# Road Rage Incident - Advice Needed Please



## VW Golf-Fan (Aug 3, 2010)

Last night on my way home from work in the dark I was driving at about 50MPH on a straight 60MPH road when further ahead I had to slow down to about 40 as an RSPCA van who was in front of me was driving a bit slow.

When it was safe to overtake I did & as I began to pass the van I noticed in my mirror a car that was also trying to overtake the van but couldn't because there were cars coming in the opposite direction.

So about 1 mile ahead there is a roundabout & as I'm slowing sown for it (there's a car in front of me at this point) I see this Audi come flying up behind me (*approaching a roundabout remember!*) Then the car in front of me brakes for no reason on the roundabout, so this in effect causes a domino like effect where I have to brake & so does the Audi driver.
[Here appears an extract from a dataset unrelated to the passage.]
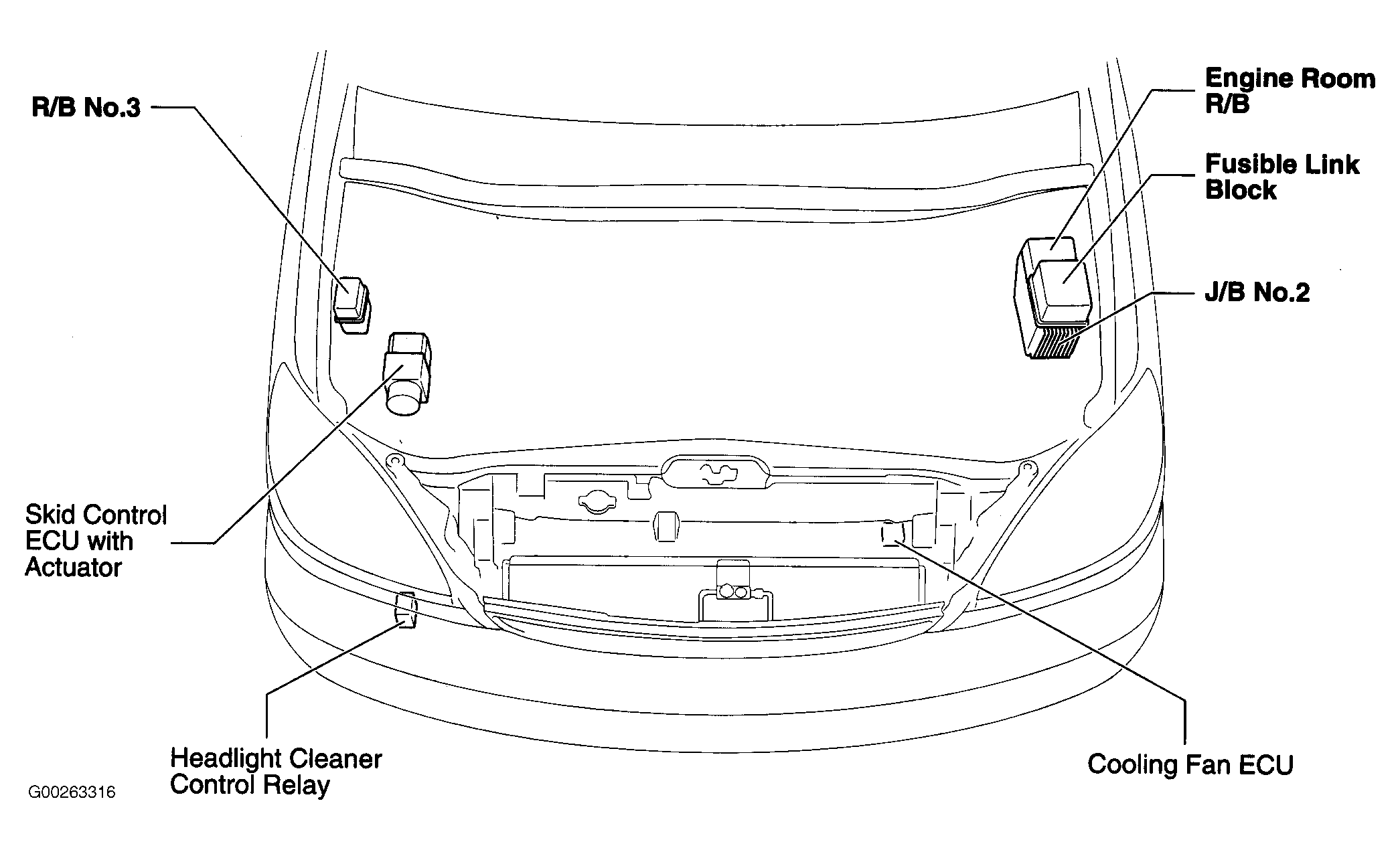 | Cooling Fan ECU | Left front of engine compartment. See Figure. |
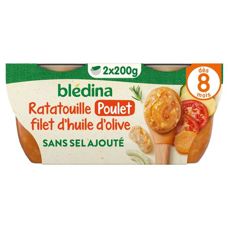 Expert de la diversification alimentaire depuis plus de 100 ans, Blédina vous accompagne pour tous les repas de votre bébé. Notre mission ? Eveiller sa curiosité pour le manger vrai, grâce à plus de 250 recettes conçues par des nutritionnistes et parfaitement adaptées à ses besoins*. NOUVELLE RECETTE : Blédina Ratatouille, Poulet & filet d'huile d'olive dès 8 mois. Découvrez notre gamme de petits plats pour éveiller la gourmandise de bébé et le préparer à bien mâcher : à chaque âge sa texture ! *Selon la réglementation de l'alimentation infantile

Then the car starts to put on speed so I am still following him at this point then Audi driver starts sitting really close up my back inches from me, so I pop my left indicator on & move over to the side of the road a bit thinking he would take the hint that I wanted him to pass me. So he does pass me but just before, comes inches from my bumper & swerves abruptly and zooms past me.

We then come to another roundabout & he's in front of me indicating for the 3rd exit just like me & there's a car in front of him so as we leave for the 3rd exit there is another small roundabout ahead so I am taking the left turn 1st exit & those two are in the right hand lane next to me for going straight on but there's a car now joining the roundabout so obviously we have to stop & give way to him so at this point we are all setting off again so I turned left & then suddenly hear this screeching of tyres & see this Audi start following me so I turn into a semi circle bus stop thing thinking he'd possibly have been in the wrong lane & that he would pass me but no he follows me into the bus stop.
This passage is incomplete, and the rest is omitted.